# Provided material:

━━━━━━━━━━━━━━━━

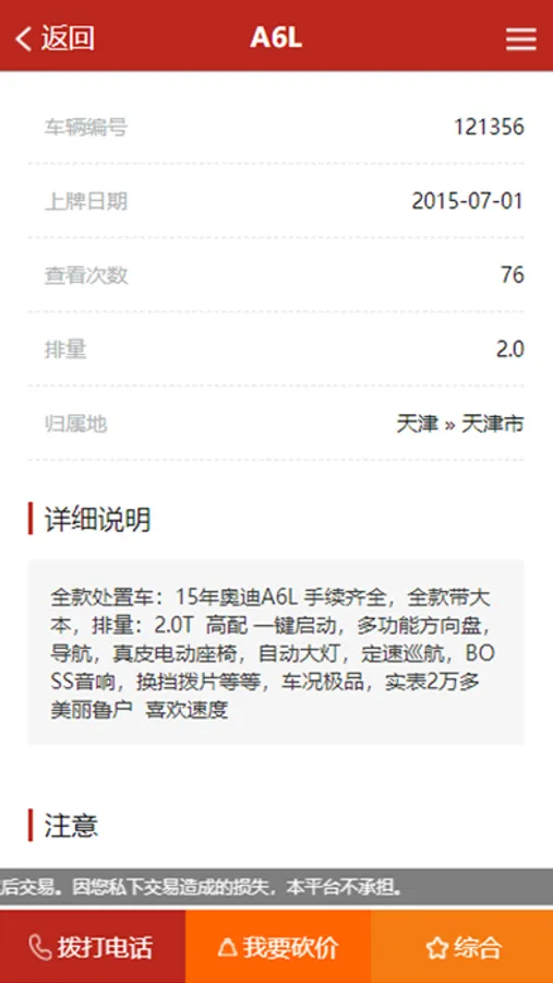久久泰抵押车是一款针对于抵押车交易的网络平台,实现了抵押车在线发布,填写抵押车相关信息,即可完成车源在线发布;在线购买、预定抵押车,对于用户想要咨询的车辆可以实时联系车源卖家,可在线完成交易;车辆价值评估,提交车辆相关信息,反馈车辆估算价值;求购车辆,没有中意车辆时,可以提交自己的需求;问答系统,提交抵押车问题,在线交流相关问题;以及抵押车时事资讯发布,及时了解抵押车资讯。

━━━━━━━━━━━━━━━━

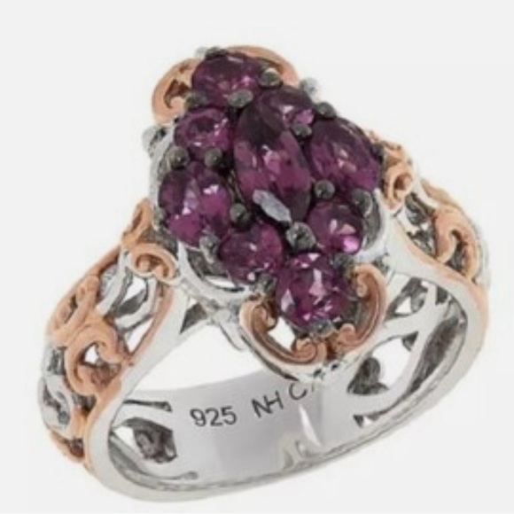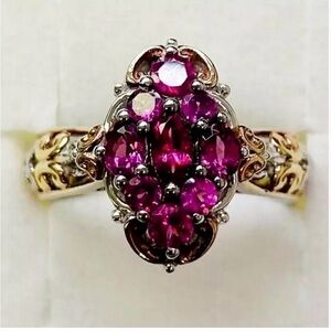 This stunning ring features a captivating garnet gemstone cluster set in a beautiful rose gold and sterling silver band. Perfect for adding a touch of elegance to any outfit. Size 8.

━━━━━━━━━━━━━━━━

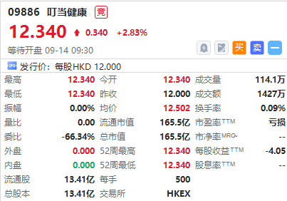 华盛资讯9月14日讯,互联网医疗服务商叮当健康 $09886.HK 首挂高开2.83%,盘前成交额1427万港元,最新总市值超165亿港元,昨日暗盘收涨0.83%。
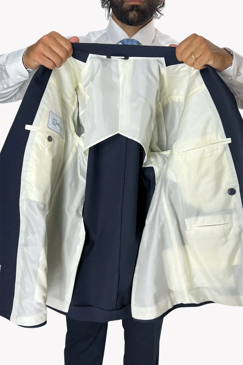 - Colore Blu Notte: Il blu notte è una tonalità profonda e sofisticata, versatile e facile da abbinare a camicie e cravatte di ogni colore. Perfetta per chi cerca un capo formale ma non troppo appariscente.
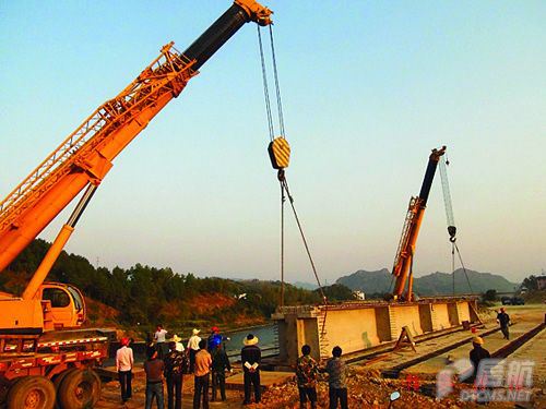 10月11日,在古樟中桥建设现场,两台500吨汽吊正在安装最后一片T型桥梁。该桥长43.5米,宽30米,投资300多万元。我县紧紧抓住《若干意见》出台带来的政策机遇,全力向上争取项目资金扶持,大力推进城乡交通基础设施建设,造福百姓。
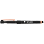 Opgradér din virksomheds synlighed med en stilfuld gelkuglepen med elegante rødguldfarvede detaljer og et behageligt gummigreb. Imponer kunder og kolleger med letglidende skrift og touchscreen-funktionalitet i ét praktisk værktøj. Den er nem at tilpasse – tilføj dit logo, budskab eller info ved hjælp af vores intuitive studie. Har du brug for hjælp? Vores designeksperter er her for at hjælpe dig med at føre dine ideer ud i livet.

━━━━━━━━━━━━━━━━

# Work required:
Keep to the stretch from the line containing "- Colore Blu" through the line containing "Opgradér din virksomheds", both ends included, and copy it exactly from the listing above, minus the pictures.

# Result for this task:
 - Colore Blu Notte: Il blu notte è una tonalità profonda e sofisticata, versatile e facile da abbinare a camicie e cravatte di ogni colore. Perfetta per chi cerca un capo formale ma non troppo appariscente.
 10月11日,在古樟中桥建设现场,两台500吨汽吊正在安装最后一片T型桥梁。该桥长43.5米,宽30米,投资300多万元。我县紧紧抓住《若干意见》出台带来的政策机遇,全力向上争取项目资金扶持,大力推进城乡交通基础设施建设,造福百姓。
 Opgradér din virksomheds synlighed med en stilfuld gelkuglepen med elegante rødguldfarvede detaljer og et behageligt gummigreb. Imponer kunder og kolleger med letglidende skrift og touchscreen-funktionalitet i ét praktisk værktøj. Den er nem at tilpasse – tilføj dit logo, budskab eller info ved hjælp af vores intuitive studie. Har du brug for hjælp? Vores designeksperter er her for at hjælpe dig med at føre dine ideer ud i livet.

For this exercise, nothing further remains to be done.